**DATA SHOWN**

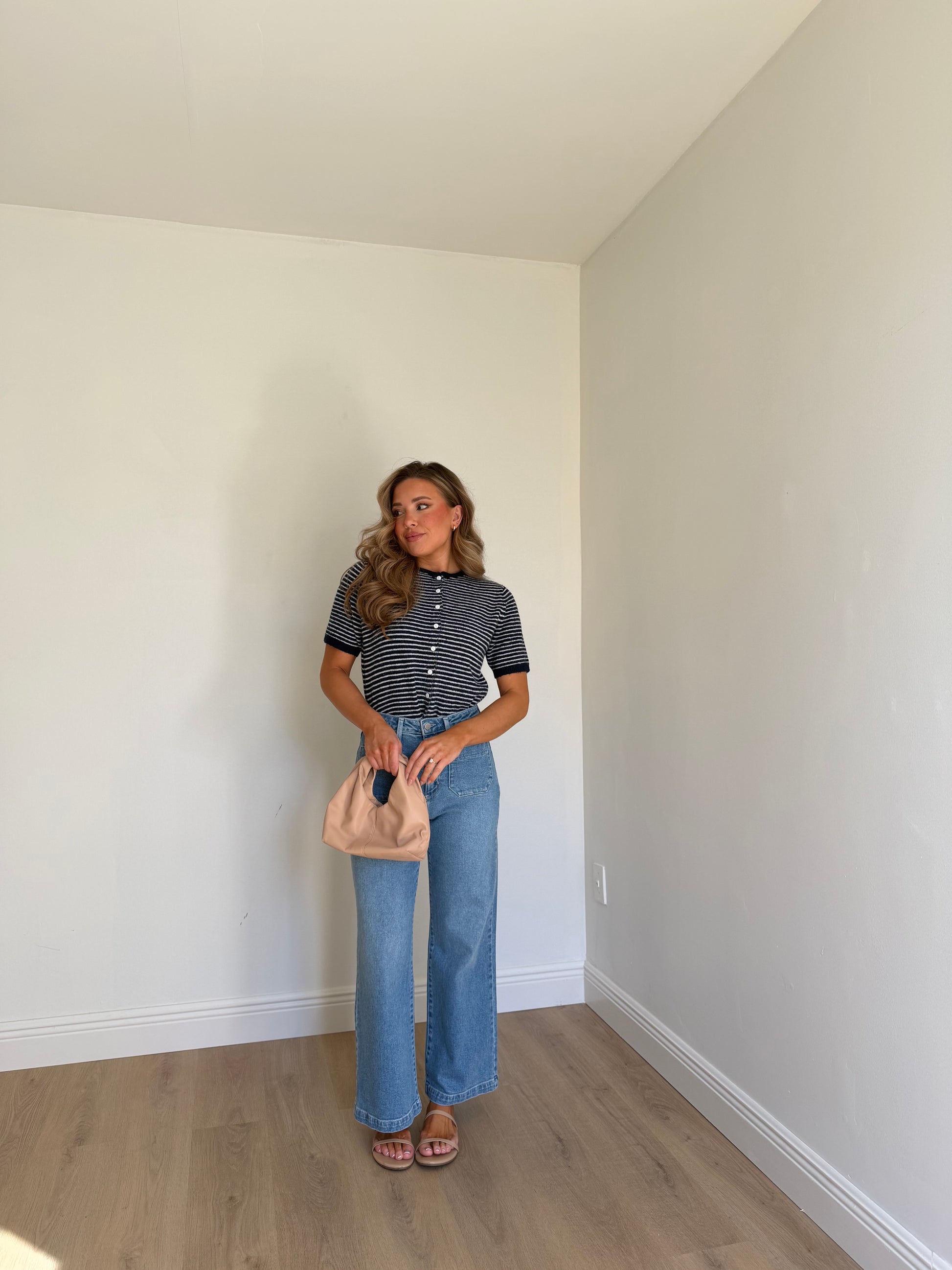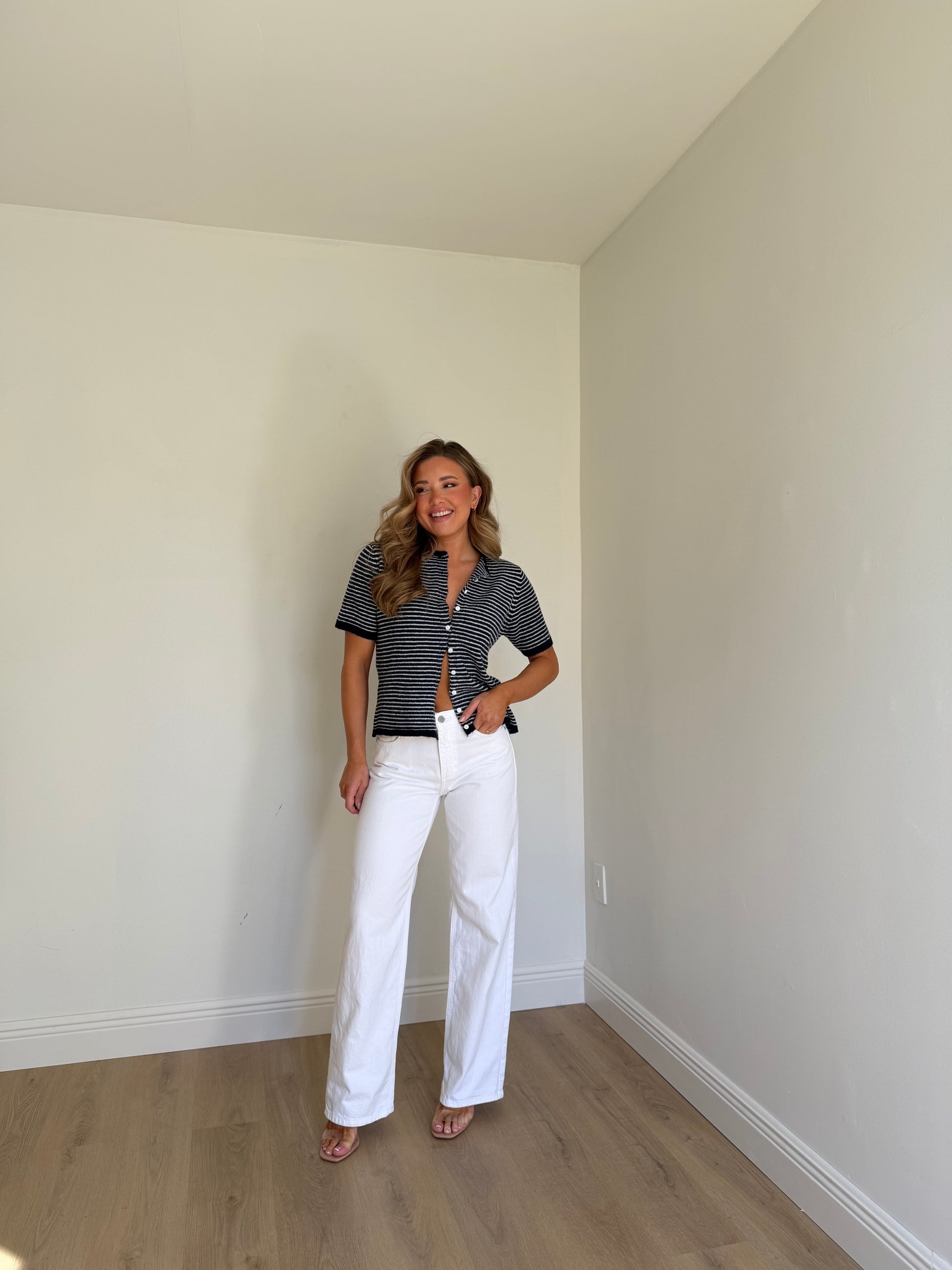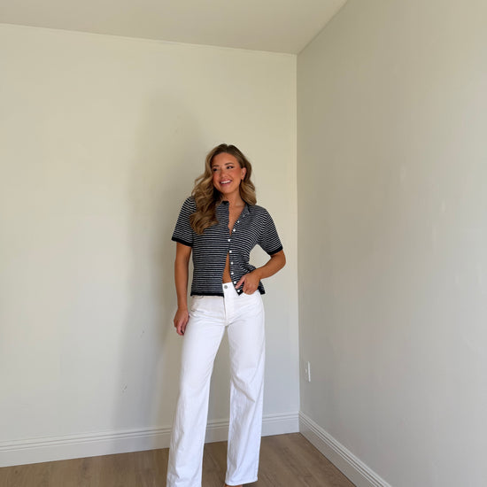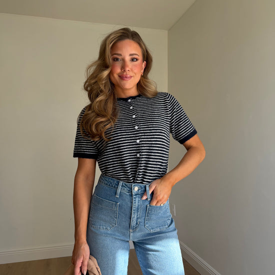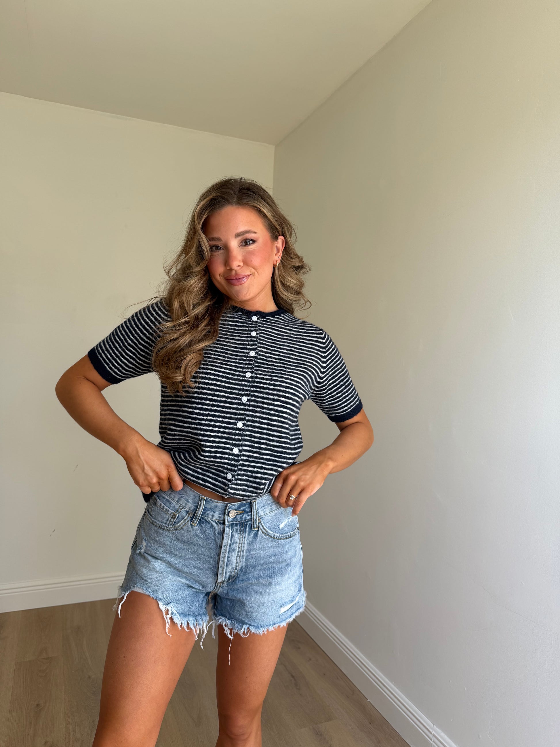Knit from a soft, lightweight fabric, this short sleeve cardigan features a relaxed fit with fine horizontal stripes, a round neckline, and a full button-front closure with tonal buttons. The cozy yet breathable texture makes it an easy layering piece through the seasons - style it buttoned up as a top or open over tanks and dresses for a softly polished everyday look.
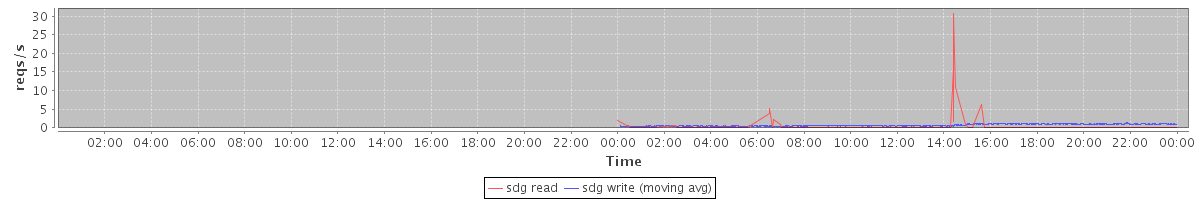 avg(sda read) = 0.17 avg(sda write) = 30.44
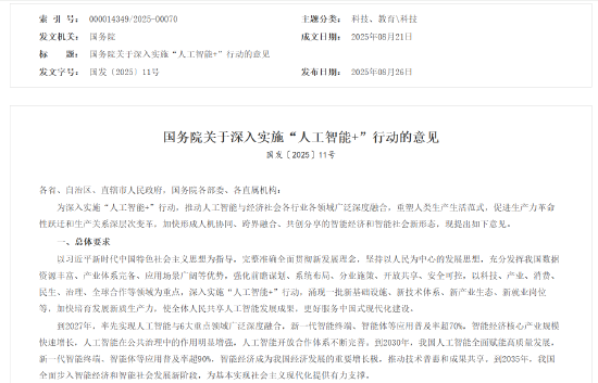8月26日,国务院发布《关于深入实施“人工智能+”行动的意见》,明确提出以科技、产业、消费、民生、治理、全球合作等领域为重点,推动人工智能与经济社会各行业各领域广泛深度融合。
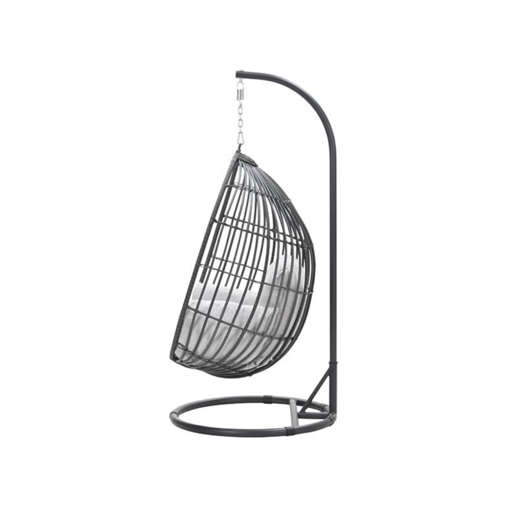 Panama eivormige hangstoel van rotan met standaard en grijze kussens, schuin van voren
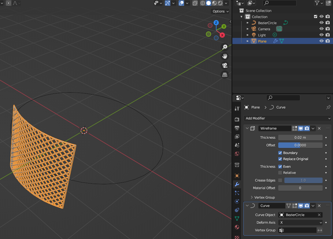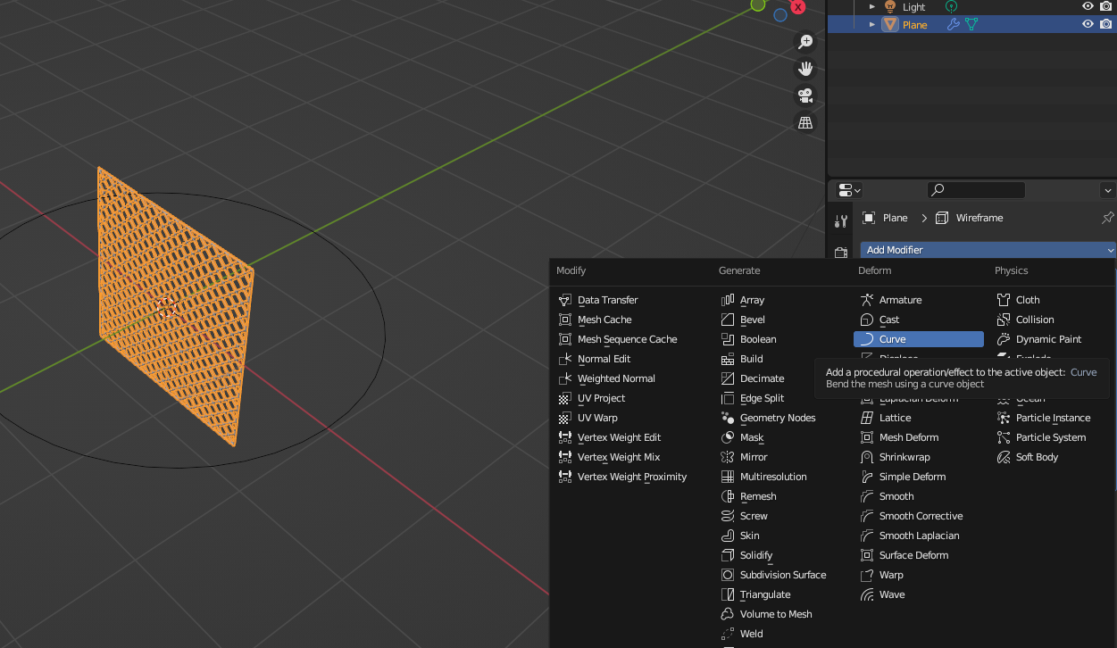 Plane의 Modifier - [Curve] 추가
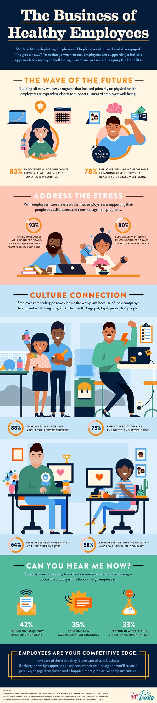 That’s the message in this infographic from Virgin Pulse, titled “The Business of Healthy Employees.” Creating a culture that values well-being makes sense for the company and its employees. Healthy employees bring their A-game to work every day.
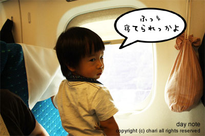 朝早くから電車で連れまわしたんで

**WHAT NEEDS TO BE DONE**
Everything in the records above except the pictures is to be reproduced word for word.

**TASK ANSWER**
Knit from a soft, lightweight fabric, this short sleeve cardigan features a relaxed fit with fine horizontal stripes, a round neckline, and a full button-front closure with tonal buttons. The cozy yet breathable texture makes it an easy layering piece through the seasons - style it buttoned up as a top or open over tanks and dresses for a softly polished everyday look.
 avg(sda read) = 0.17 avg(sda write) = 30.44
8月26日,国务院发布《关于深入实施“人工智能+”行动的意见》,明确提出以科技、产业、消费、民生、治理、全球合作等领域为重点,推动人工智能与经济社会各行业各领域广泛深度融合。
 Panama eivormige hangstoel van rotan met standaard en grijze kussens, schuin van voren
 Plane의 Modifier - [Curve] 추가
 That’s the message in this infographic from Virgin Pulse, titled “The Business of Healthy Employees.” Creating a culture that values well-being makes sense for the company and its employees. Healthy employees bring their A-game to work every day.
 朝早くから電車で連れまわしたんで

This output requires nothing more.